HL Deb 25 July 1845 vol 82 cc1078-9
Lord Brougham

presented a petition from James Thomas Russell, of No. 37, Percy-street, Bedford-square, solicitor, complaining that two witnesses who had been examined before the Committee of their Lordships' House on Gaming, had given false and slanderous evidence against him, to the great detriment of his character, and of the characters of all those connected with him; and praying that, as he found it would be a breach of the privileges of their Lordships' House to bring an action at law against those parties, some opportunity might be afforded him of vindicating his character. As the Session was now so near its close, he would move that the petition do lie on the Table, with the intention of moving early in the ensuing Session that it be referred to a Select Committee.

The Lord Chancellor

said, he should be very ready to assist his noble and learned Friend in investigating this subject; but he wished to remind their Lordships that the Committee alluded to in the petition had sat last Session, and the petitioner had allowed the matter to lie over without taking any notice of it for a whole year, and until after this House had decided that it would not allow him to go to law. He thought their Lordships could draw a natural and almost necessary conclusion from that circumstance.

Lord Brougham

said, the petition stated that it was only on Saturday last that the petitioner first saw a copy of the evidence of which he complained.

The Lord Chancellor

But he does not state that he did not previously know of the evidence having been given.

Lord Brougham

said, the law allowed a party four years to bring his action, and he would humbly submit that their Lordships were not justified in not merely shutting out an aggrieved party from redress in a court of law, but also in refusing him any other relief.

Lord Campbell

said, he was inclined to think that Russell was the name of a person who had been subjected to a very rigorous cross-examination at the bar of their Lordships' House by his noble and learned Friend (Lord Brougham) on the very subject alluded to in the petition. He would, however, strongly support the Motion of his noble and learned Friend for inquiry.

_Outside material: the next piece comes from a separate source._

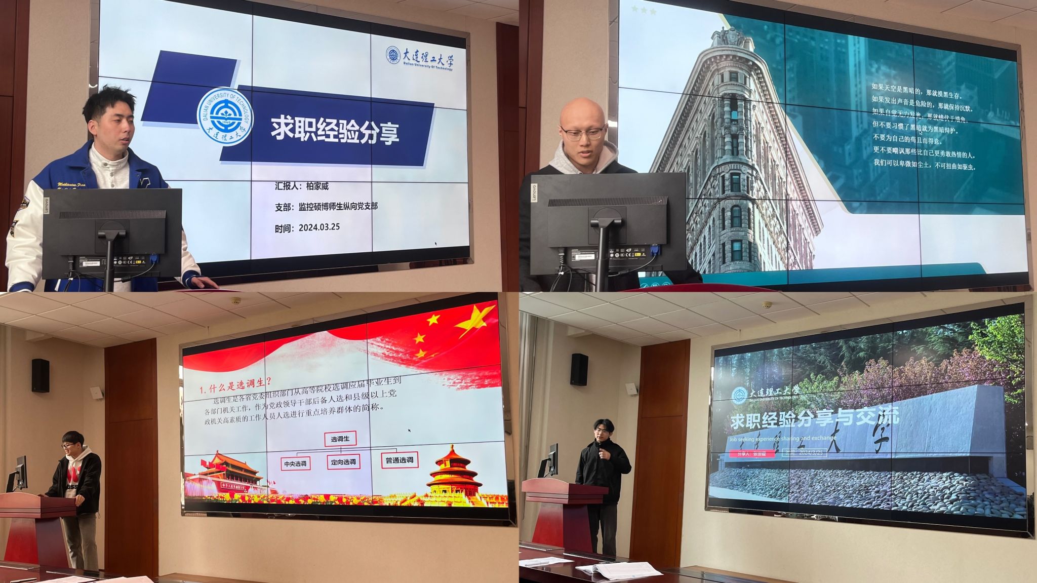 4月12日结构监控师生纵向党支部联合结构监控硕士研究生第二党支部共同举办四月理论学习研讨暨“职途领航”经验分享交流会。

After a few words from Lords Brougham and Stradbroke,

The Earl of Wicklow

said, he thought, no matter what the character of an individual might be, the House had a right to give him an opportunity of clearing his character. In reply to what had fallen from his noble Friend on the Woolsack he wished to remark, that any delay to which the petitioner might have been a party should be calculated, not from the time that the Committee had made their Report, but from the period when, their Lordships having consented to give a copy of the Report to the Commons, the latter House had thought proper to sell and promulgate the libel which it contained.

The Lord Chancellor

said, he had no desire to oppose the Motion for inquiry, but he had merely wished to draw their Lordships' attention to a point of date.

Petition read, and ordered to lie on the Table.